I held her in my lap as we drove away from the airport and away from the opportunity that was supposed to be all of ours–the opportunity to go home. As I tried to hold it together and ask God for the one thousandth time, “why?” Alethia began humming herself to sleep. I couldn’t make out the tune at first, but as she got louder I was able to distinguish it. She was humming a common African praise song called “Higher, Higher.” The words simply say, “Higher, higher, (they pronounce it “Hiya, Hiya”) lift Jesus higher.” And “Lower, lower, lower Satan lower.” It was in that moment that the Holy Spirit of God reminded me that there is a reason and a purpose to all of this–that God will be lifted higher through this, that His name will be made famous, and that the enemy, who has already been defeated, will yet be brought lower.
I sat there, with tears streaming down my face, thanking God for that gentle reminder and for the gift of the Comforter whose presence I felt in such a tangible way.
Now, we’re back at the Emmaus Guest House in Kampala, just Alethia and me.
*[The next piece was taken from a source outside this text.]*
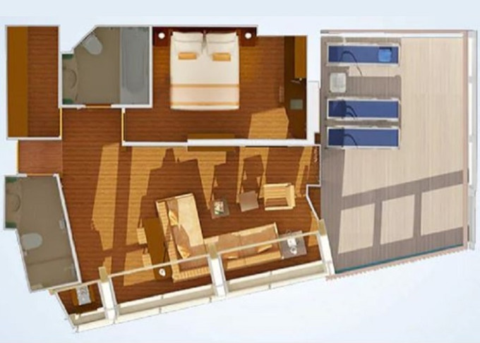 OS - Ocean Suite 26 m² + balkón 6 m². 7. paluba stred, vpredu. Max 4 osoby. Výhody Suite. | 1 468 € 734 € za osobu | ||
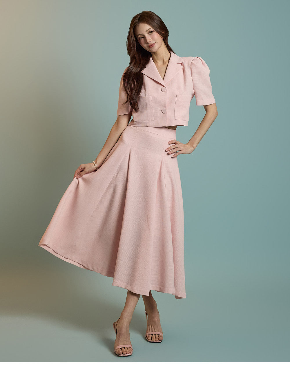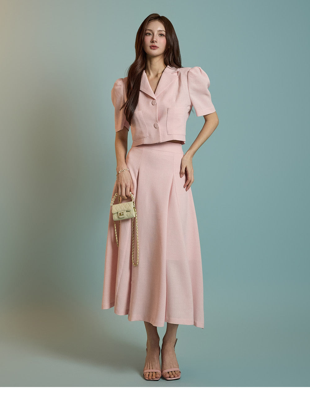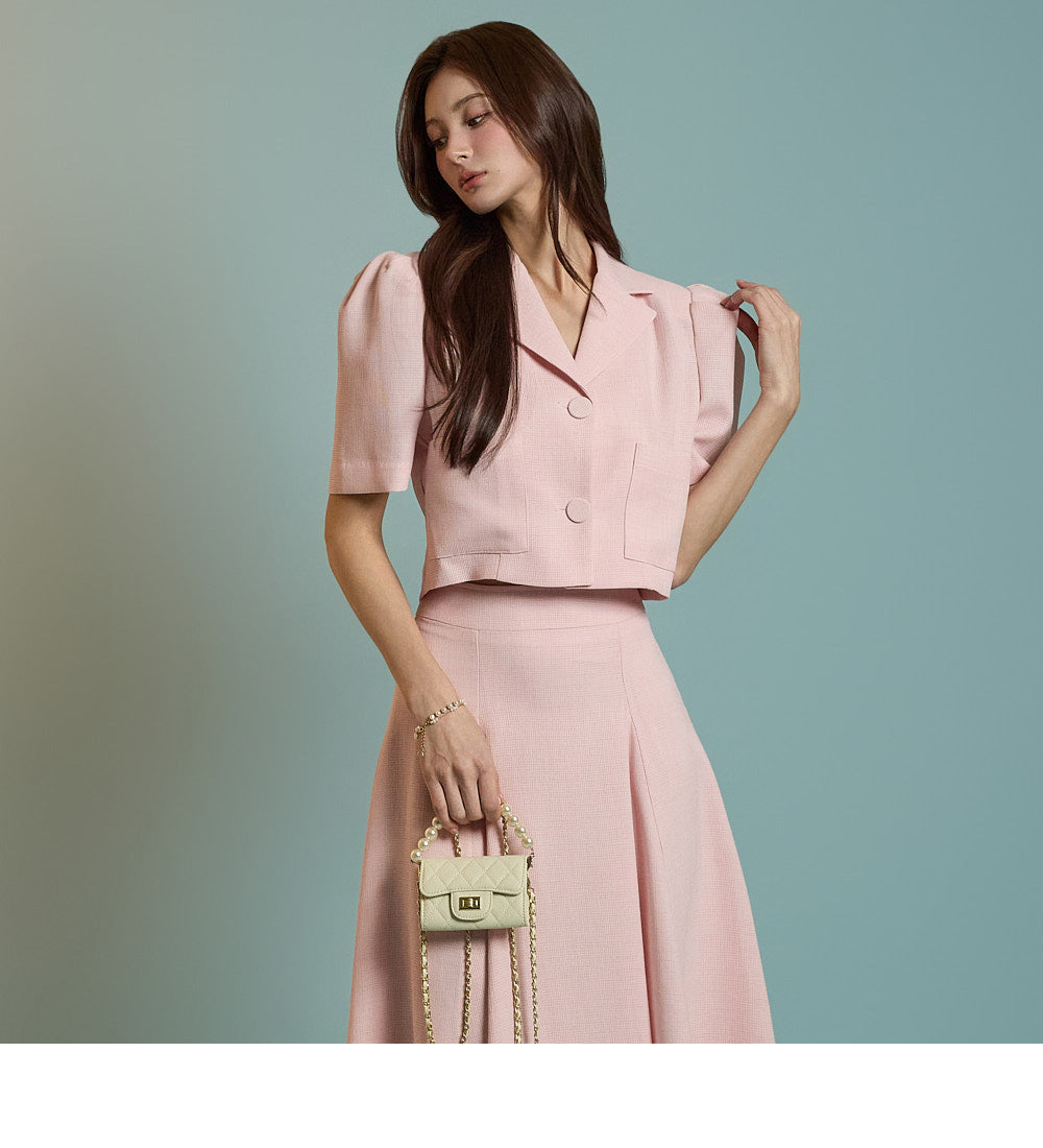 肩のパフディテールがボリュームをプラスし、女性らしいシルエットを強調します。

She’s busy playing with her dolls as I write. Tomorrow I’ll try once again to plead our case at the US Embassy to see if perhaps they’ve overlooked even the smallest of details that might prove helpful. Alethia’s been asking for mommy alot. And I just keep reminding her of mommy’s love for her. I’d be lying if I said that I’ve been doing a good job of holding it together. I’ve been wiping the tears pretty good. Not just because we were all supposed to be on that plane together and I miss my family. But because my heart aches for this little girl, who, unless a miracle happens at the USCIS headquarters in Nairobi, will never have a mom and dad to love her. Will never know the joy of being a part of the God-ordained institution of the family. Well, she knew it for 9 weeks. And I’m still praying and holding out hope that those 9 weeks will one day turn into 9 years and then 90 years. I’m still waiting for that miracle.
I’ll continue to keep you posted as much as I can from the Uganda side, as Tasha I’m sure will update from the U.S. side. Thanks so much, everyone, for your love, prayers and support through all of our highs and lows. We love you more than you know.